A relatively simple way of modeling the turbulence is offered by the so-called Reynolds-averaged Navier–Stokes equations (RANS). Reynolds stress models or Large-Eddy Simulation (LES) considerably enables more accurate predictions of turbulent flows. The various well-proven and widely applied turbulence models of varying level of complexity are presented in the chapter in detail. There is no single turbulence model that can reliably predict all kinds of turbulent flows. Therefore, it is important to determine whether the model includes all the significant features of the flow being investigated. The chapter discusses the basic equations of turbulence as they result from time and mass averaging of the governing equations. The chapter presents the Boussinesq's and the non-linear eddy–viscosity approaches, as well as the Reynolds–stress transport equation that forms the basis of the algebraic and differential Reynolds–stress models. The chapter also presents a few widespread one- and two-equation first-order closures.

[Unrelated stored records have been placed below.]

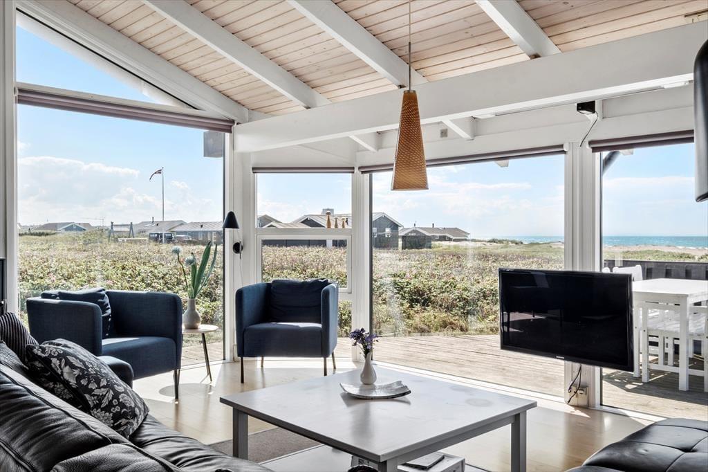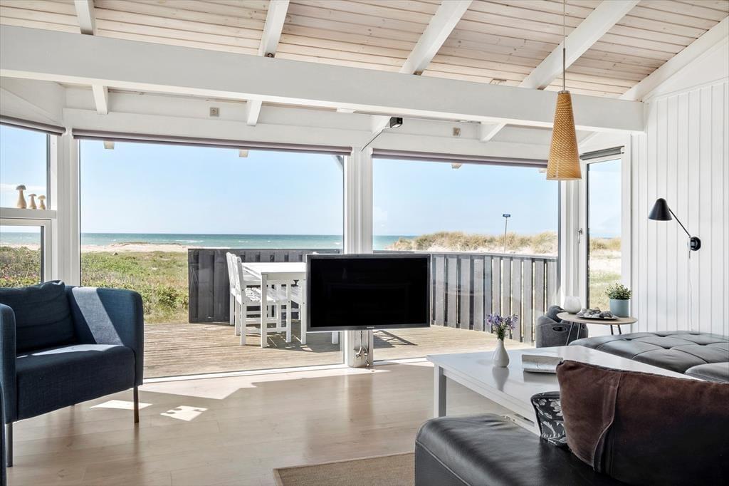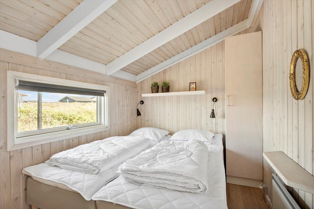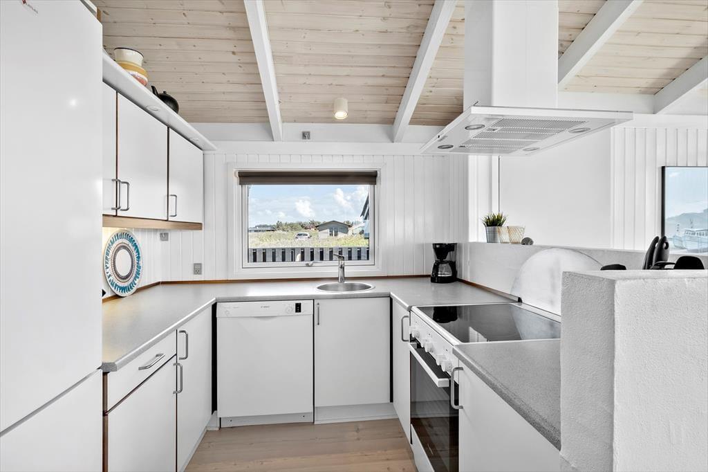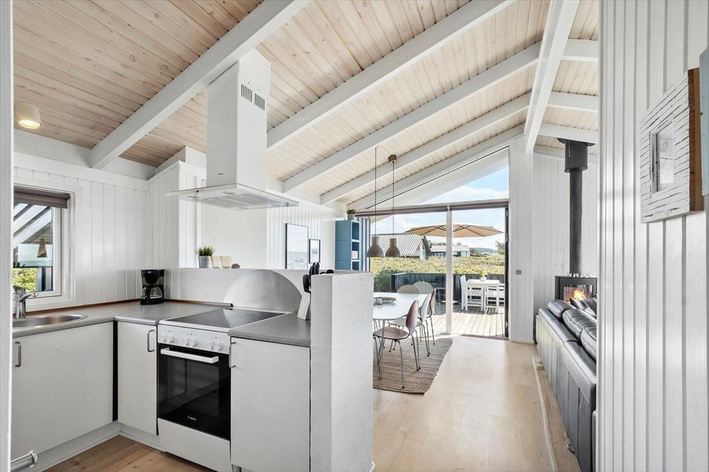 I dette sommerhus mødes man af en moderne og stilsikker indretning med smagfulde møbler og et helt fantastisk lysindfald fra de store vinduespartier; her kan man virkelig få det optimale ud af at bo så tæt på vandet, og er man kreativ anlagt, kan man næsten ikke undgå at få ny inspiration under sit ophold. Sommerhusets køkken ligger i åben forbindelse til stuen, hvorfra man kan nyde den smukke udsigt over Vesterhavet. Især hjørnet med brændeovn og gode stole indbyder til et par hyggelige timer med en god bog eller bare en anledning til at lade tankerne flyve og tømme hovedet for hverdagens mange hektiske planer. Desuden 3 gode soveværelser, to med dobbeltsenge og et med enkeltseng og køjeseng, og et badeværelser med sauna og spa, som bidrager med et strejf af luksus. Endelig skal den dejlige hems med madrasser også nævnes, et godt sted for børnene at lege eller slappe af med de medbragte tablets; sommerhuset har trådløst internet. Gode, hyggelige og funktionelle rammer for en vellykket ferie i det nordjyske!
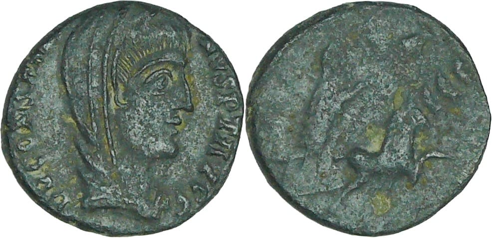 A/ DV CONSTANTINVS PT AVGG. Buste voilé et drapé à droite.
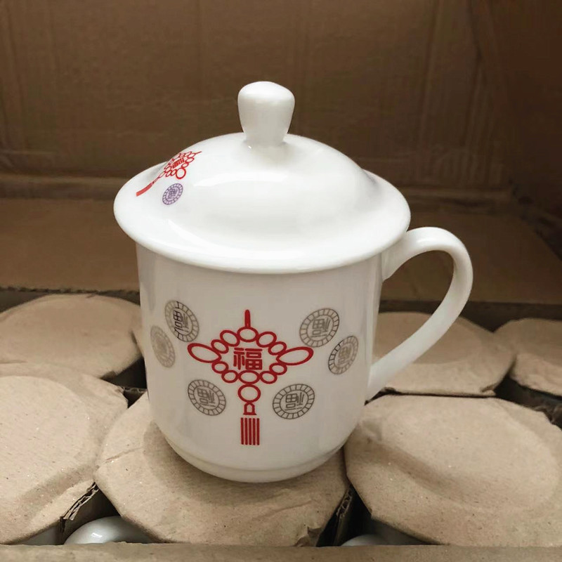 陶磁器の蓋の杯の中国式は蓋の杯の事務室の会議室のコップの日用品の小さいデパートの商品の供給源の卸売りを持ちます。
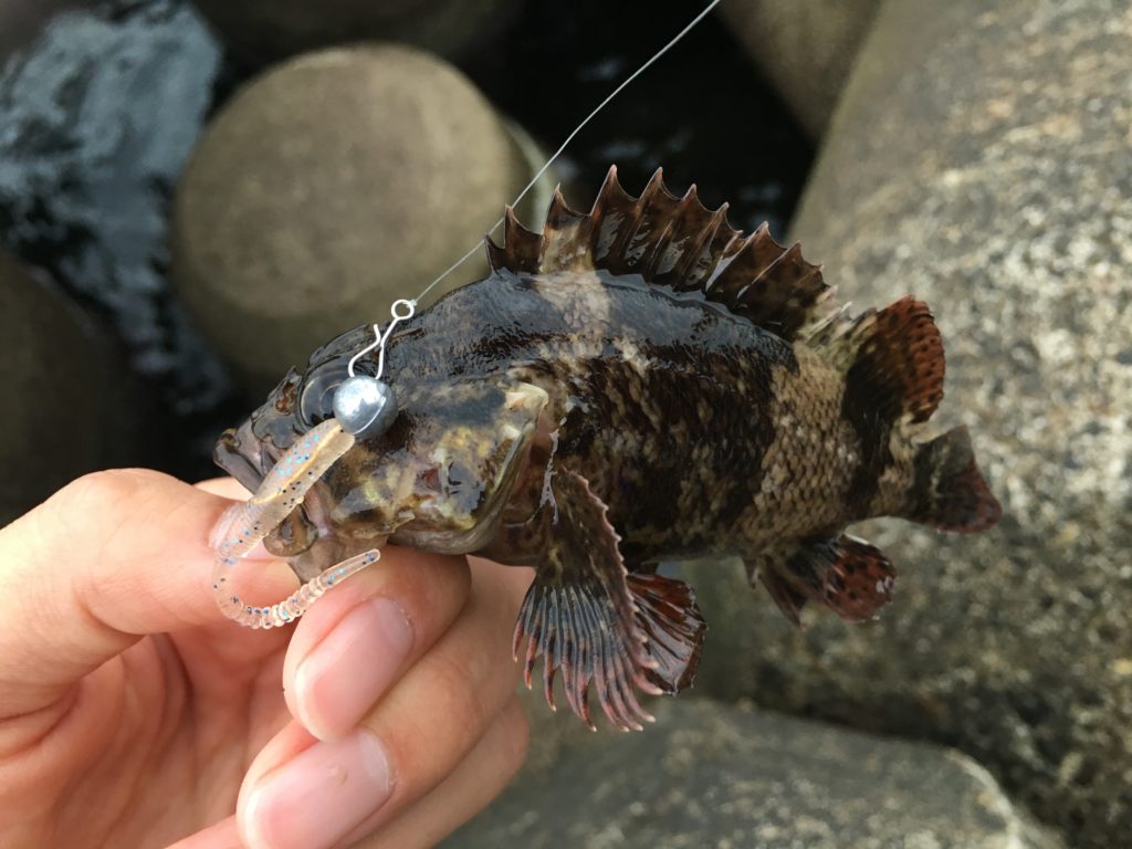 穴釣りで根魚に遊んでもらうの図。
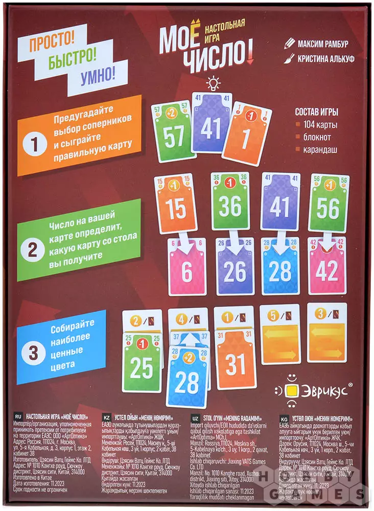 Ваша задача – максимизировать свой выигрыш, подбирая карты и предугадывая ходы соперников. В "Моё число!" успех определяет интуиция и аналитические способности!
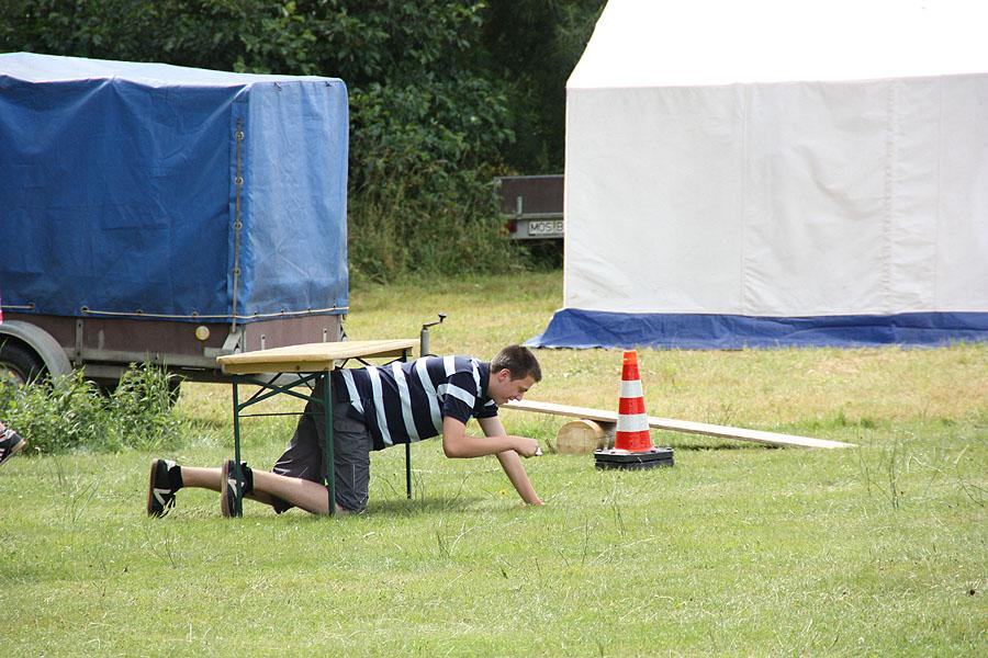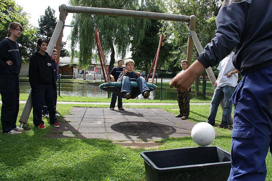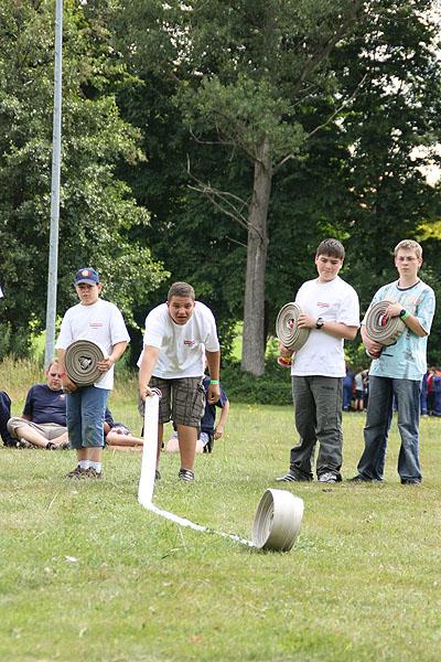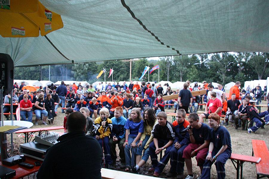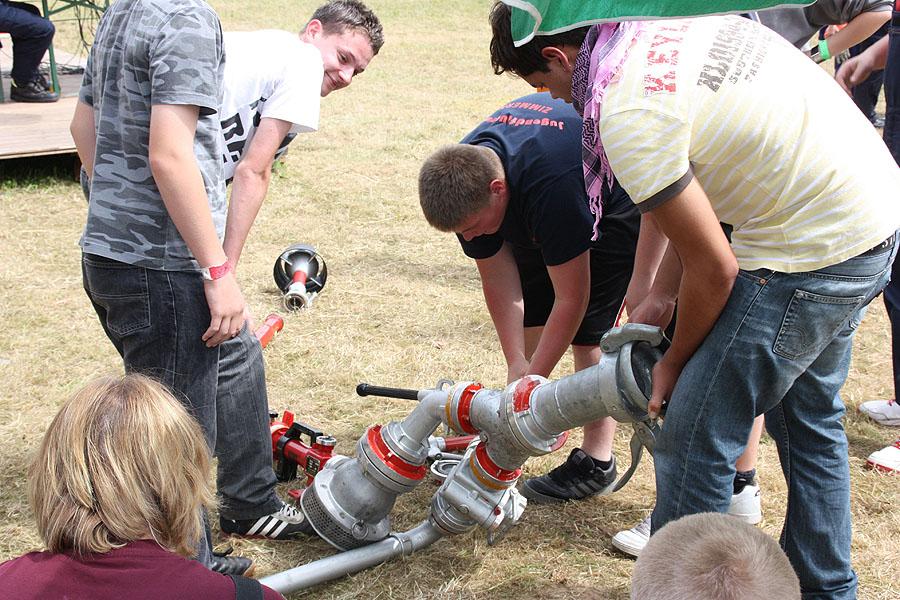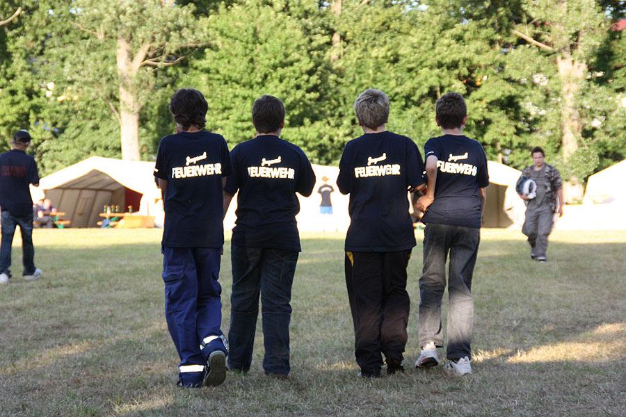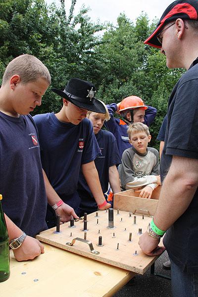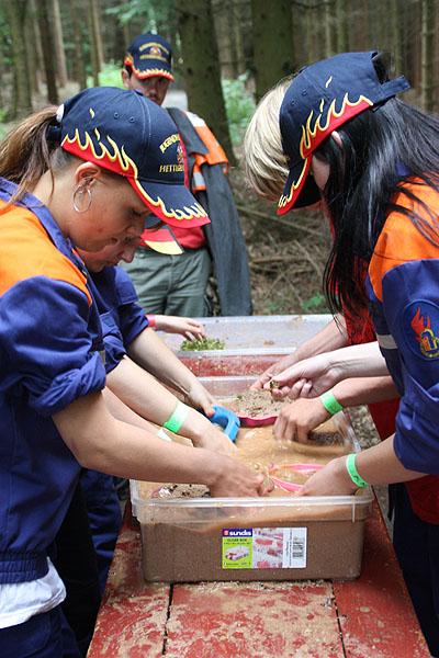 Nach einem verregneten Vormittag, machten sich die Jugendlichen am Nachmittag mit ihren Betreuern auf den Weg zu einer Wanderung, die mit verschiedenen Spielen gespickt war. Auf dem Weg Richtung Ünglert und Steinbach und zurück auf den Zeltplatz mussten die Jugendlichen sechs Aufgaben erfüllen, die Geschick, Intelligenz und Feuerwehrtechnisches Wissen voraussetzten.

The first-order closures represent the easiest way to approximate the Reynolds stresses in the Reynolds-/Favre-averaged Navier–Stokes equations. They are based on the Boussinesq or non-linear eddy-viscosity models. From the large variety of first-order closure models, three widely used approaches, which represent the current state-of-the-art, are selected. All three models —namely, the Spalart–Allmaras one-equation turbulence model, the K-ɛ turbulence model, and the Shear Stress Transport (SST) turbulence model can be implemented easily on structured as well as on unstructured grids. LES, Detached Eddy Simulation (DES), and related approaches are discussed in the chapter in some detail because of the growing number of engineering applications.